Pictures in the entries below are excluded; copy only the lines from the one containing "2025年11月、歴史的な町" to the one containing "Fans van het", both included.

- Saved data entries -
--------------------------------------------------

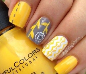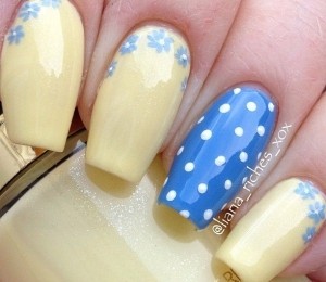 Dacă eşti ceva mai îndrăzneaţă, poţi combina o nuanţă stridentă de galben cu sclipici auriu sau, de ce nu, chiar argintiu. O combinaţie reuşită este şi cea de galben şi albastru, fie ele în nuanţe puternice, fie în variantele pastelate.
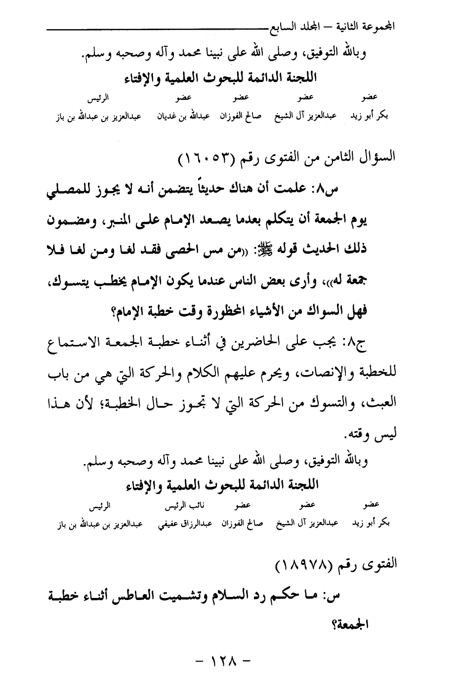 بكر أبو زيد ... عبد العزيز آل الشيخ ... صالح الفوزان ... عبد الله بن غديان ... عبد العزيز بن عبد الله بن باز
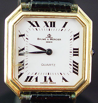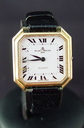 18K LADY'S BAUM & MERCIER WRISTWATCH: 18K yellow gold lady's Baum & Mercier wristwatch. White octagon dial with black enamel Roman markers. Quartz movement. Leather Strap.
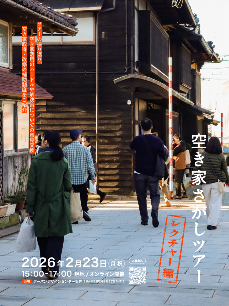 2025年11月、歴史的な町並みが魅力の湊町・三国で空き家や空き店舗を活用してお店を始めたい方に向けた、「空き家さがしツアー」を行いました。今回は前回のツアーに続き、空き家取得・改修の補助制度のご紹介やツアーのふり返りを行います。三国または坂井市内で空き家をお探しの方にぜひ知っていただきたい内容となっています。ぜひお気軽にご参加ください。
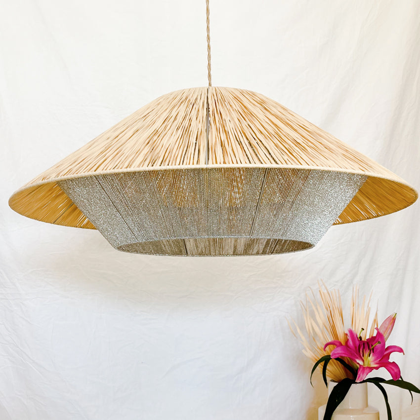 Ce modèle est tissé à la main avec du fil argenté et du raphia sur une structure réalisée sur-mesure. Fabrication française. (teintes n°56 sand & silver) Structure G.
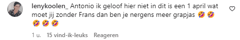 Fans van het realityduo hebben hun twijfels over de oprechtheid van de Instagram-post. Is dit nu een 1 aprilgrap of niet? Zo luidt het in de comments: ''Hahaha volgend jaar iets aannemelijker maken'' en ''Grapje toch? Jullie zijn zo leuk''. Ook zijn er bezorgde fans: ''Neeeee wat heftig. Sterkte'' en ''Wat jammer, ik keek altijd naar het programma'', valt er te lezen.
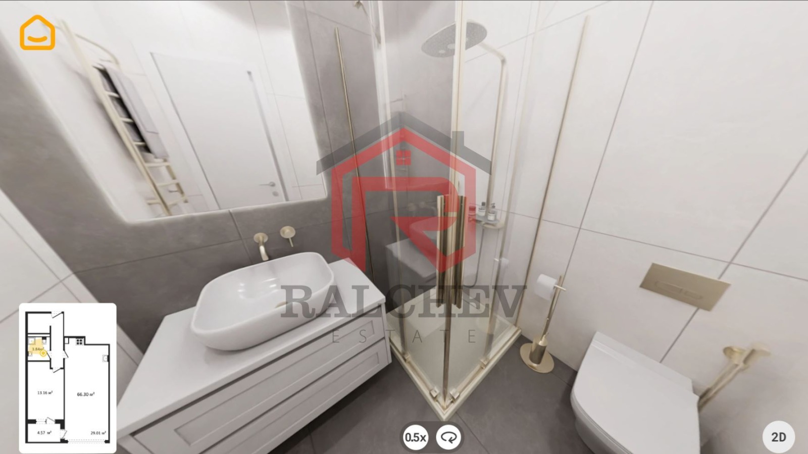 Агнеция за недвижими имоти 'Ралчев Естейт' предлага на вашето внимание ЮЖЕН Двустаен апартамент. Жилището се намира в сграда ново строителство в етап на изграждане пред Акт 14. Стаите са с правилни форми и разпределение, както следва: входно антре; на площ от 28,50 кв.м всекидневна с взможност за обособяване на кухненски бокс с трапезария и зона за релакс; спалня с отлична площ от 13 кв.м, от двете стаи се излзиа на обща тераса Лоджия, комбиниран санитарен възел. Сградата съчетава стилна архитектура, висококачествено строителство и комфортна градска среда. Апартамента се издава завършен по БДС, а именно: шпакловка на стени и тавани, замазка на подовете, PVC догарама във всички стаи, външна топлоизолация, ключове и контакти, входна блиндирана врата.
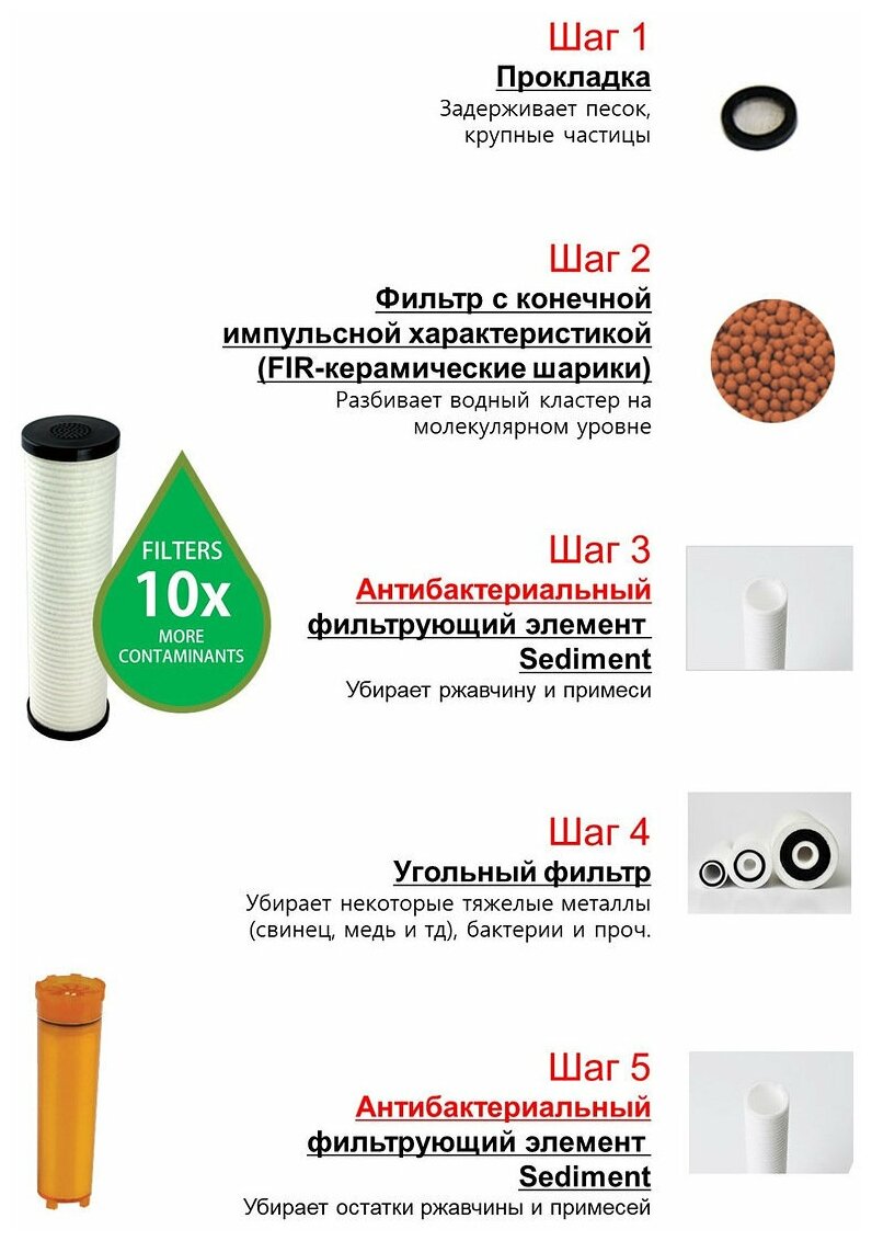 | Фильтрация и очистка | механический (примеси) / угольный (запах и вкус) / пестициды |
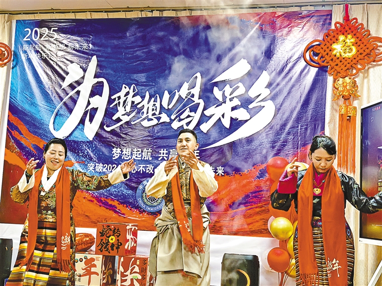 日喀則市亞?wèn)|出入境邊防檢查站開(kāi)展以“夢(mèng)想起航 共贏蛇年”為主題的春節(jié)聯(lián)歡會(huì)。記者 王莉 通訊員 許鵬飛 攝
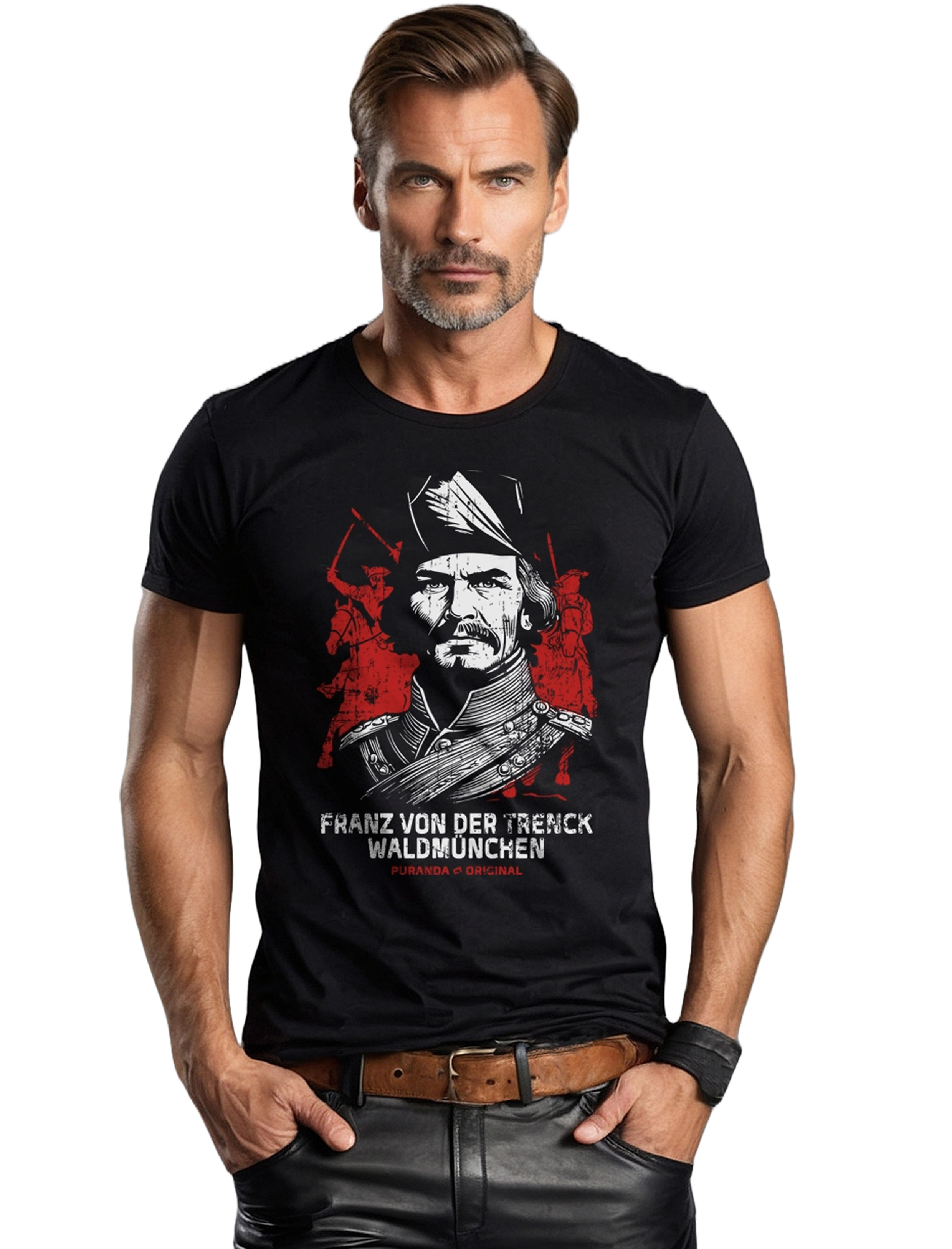 Franz von der Trenck war ein berüchtigter Anführer und Abenteurer im 18. Jahrhundert, der für seinen Mut und seine unkonventionellen Taktiken bekannt war. Hol dir ein Stück Geschichte und zeige deinen rebellischen Geist mit diesem außergewöhnlichen T-Shirt.
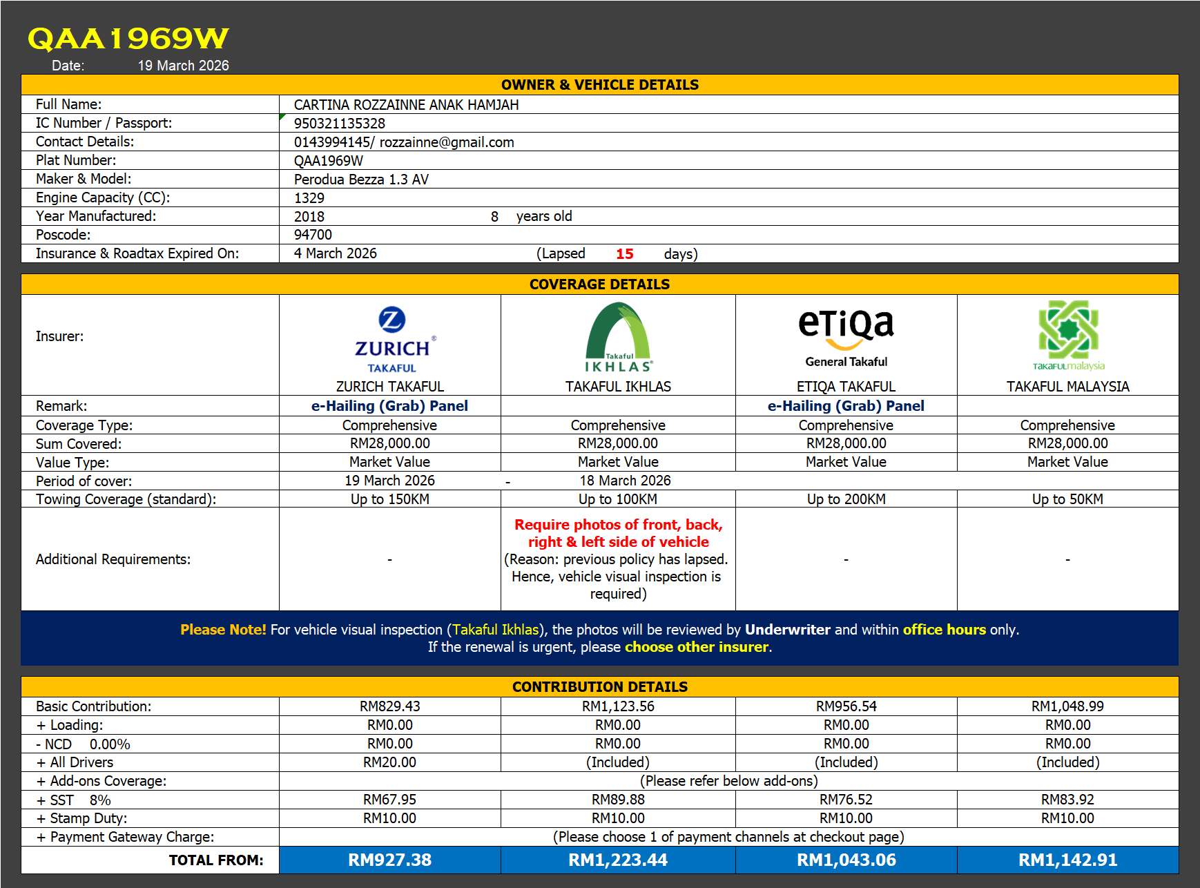 Takaful & Road Tax Renewal

--------------------------------------------------

- COMPLETED EXERCISE -
 2025年11月、歴史的な町並みが魅力の湊町・三国で空き家や空き店舗を活用してお店を始めたい方に向けた、「空き家さがしツアー」を行いました。今回は前回のツアーに続き、空き家取得・改修の補助制度のご紹介やツアーのふり返りを行います。三国または坂井市内で空き家をお探しの方にぜひ知っていただきたい内容となっています。ぜひお気軽にご参加ください。
 Ce modèle est tissé à la main avec du fil argenté et du raphia sur une structure réalisée sur-mesure. Fabrication française. (teintes n°56 sand & silver) Structure G.
 Fans van het realityduo hebben hun twijfels over de oprechtheid van de Instagram-post. Is dit nu een 1 aprilgrap of niet? Zo luidt het in de comments: ''Hahaha volgend jaar iets aannemelijker maken'' en ''Grapje toch? Jullie zijn zo leuk''. Ook zijn er bezorgde fans: ''Neeeee wat heftig. Sterkte'' en ''Wat jammer, ik keek altijd naar het programma'', valt er te lezen.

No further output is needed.